As súmulas são enunciados que resumem o entendimento dos tribunais sobre determinada questão jurídica. Elas são criadas a partir de julgamentos repetitivos e têm o objetivo de uniformizar a jurisprudência, ou seja, a interpretação que os tribunais dão às leis. As súmulas têm força vinculante, ou seja, são obrigatórias para todos os órgãos do Poder Judiciário, incluindo o Conselho de Contribuintes do Rio de Janeiro.
O Conselho de Contribuintes do Rio de Janeiro é um órgão colegiado, vinculado à Secretaria Municipal de Fazenda, responsável por julgar os processos administrativos fiscais relativos a impostos municipais, como o Imposto sobre Serviços (ISS) e o Imposto Predial e Territorial Urbano (IPTU). O Conselho é composto por conselheiros representantes da Fazenda Municipal e dos contribuintes, escolhidos por meio de concurso público.
As súmulas do Conselho de Contribuintes do Rio de Janeiro são aprovadas pelos conselheiros e publicadas no Diário Oficial do Município. Elas têm o objetivo de orientar os julgamentos dos processos administrativos fiscais, garantindo maior segurança jurídica aos contribuintes e à administração pública.
É importante ressaltar que as súmulas não têm caráter vinculante para os órgãos do Poder Judiciário, ou seja, não são obrigatórias para os juízes e desembargadores. No entanto, elas podem ser utilizadas como argumento jurídico em ações judiciais, uma vez que refletem o entendimento dos conselheiros sobre determinada questão fiscal.
Neste mês, o Conselho de Contribuintes do Rio de Janeiro aprovou duas novas súmulas, que tratam de questões relevantes para os contribuintes e para a administração pública municipal. São elas:
“O contribuinte que efetuar o recolhimento de ICMS substituição tributária a maior, em face de não incidência, imunidade, isenção, ou inexistência de base de cálculo, tem direito à restituição ou compensação do indébito apurado, desde que não tenha repassado o encargo ao consumidor final ou sofrido qualquer repercussão econômica.”

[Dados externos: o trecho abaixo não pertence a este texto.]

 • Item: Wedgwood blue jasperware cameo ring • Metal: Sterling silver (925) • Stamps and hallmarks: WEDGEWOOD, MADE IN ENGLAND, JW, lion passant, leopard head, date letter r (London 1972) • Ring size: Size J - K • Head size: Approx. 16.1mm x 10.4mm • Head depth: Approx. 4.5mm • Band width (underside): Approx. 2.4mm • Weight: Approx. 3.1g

Essa súmula é importante porque garante aos contribuintes o direito de serem ressarcidos quando pagam impostos a mais do que o devido. Isso acontece, por exemplo, quando o contribuinte paga o Imposto sobre Circulação de Mercadorias e Serviços (ICMS) em uma operação que, na verdade, não é tributada. Com a súmula, o contribuinte tem o direito de pedir a restituição ou a compensação do valor pago a mais.

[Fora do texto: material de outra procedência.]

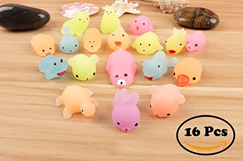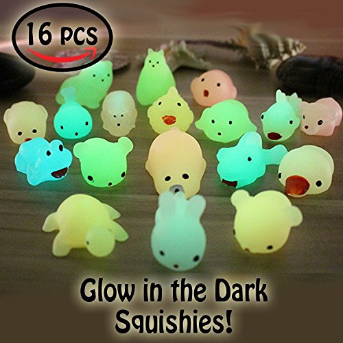 Product Description These fun glow in the dark squishy toy animals are cute, soft to the touch, and can now be played in the dark! Sure to be a hit for your kids and their friends. Great toy gift for the little explorers in your home. Randomly packed with 16 different animal shapes squishies per pack. 0
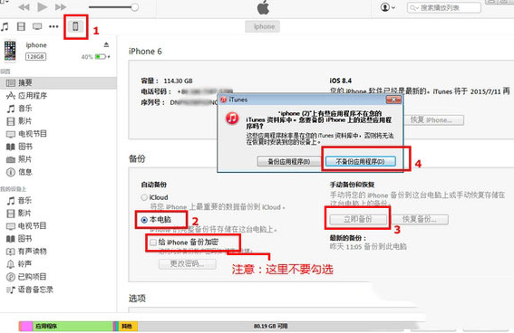 第三步:在itunes工具中备份数据(注意:不要勾选给iphone备份加密),以备份的方式在电脑上导出苹果镜像。

“O contribuinte que efetuar o recolhimento de tributo indevido, por motivo de erro de fato, tem direito à restituição ou compensação do indébito apurado, desde que não tenha repassado o encargo ao consumidor final ou sofrido qualquer repercussão econômica.”
Essa súmula também garante aos contribuintes o direito de serem ressarcidos quando pagam impostos a mais, mas desta vez em razão de um erro de fato, ou seja, um equívoco na aplicação da legislação tributária. É importante ressaltar que, nesse caso, o contribuinte também tem o direito de pedir a restituição ou a compensação do valor pago a mais.
As súmulas aprovadas pelo Conselho de Contribuintes do Rio de Janeiro têm o objetivo de garantir maior segurança jurídica aos contribuintes e à administração pública municipal, uniformizando o entendimento sobre questões tributárias. É importante que os profissionais do Direito estejam atentos a essas súmulas e as utilizem em suas argumentações jurídicas, a fim de garantir os direitos dos contribuintes.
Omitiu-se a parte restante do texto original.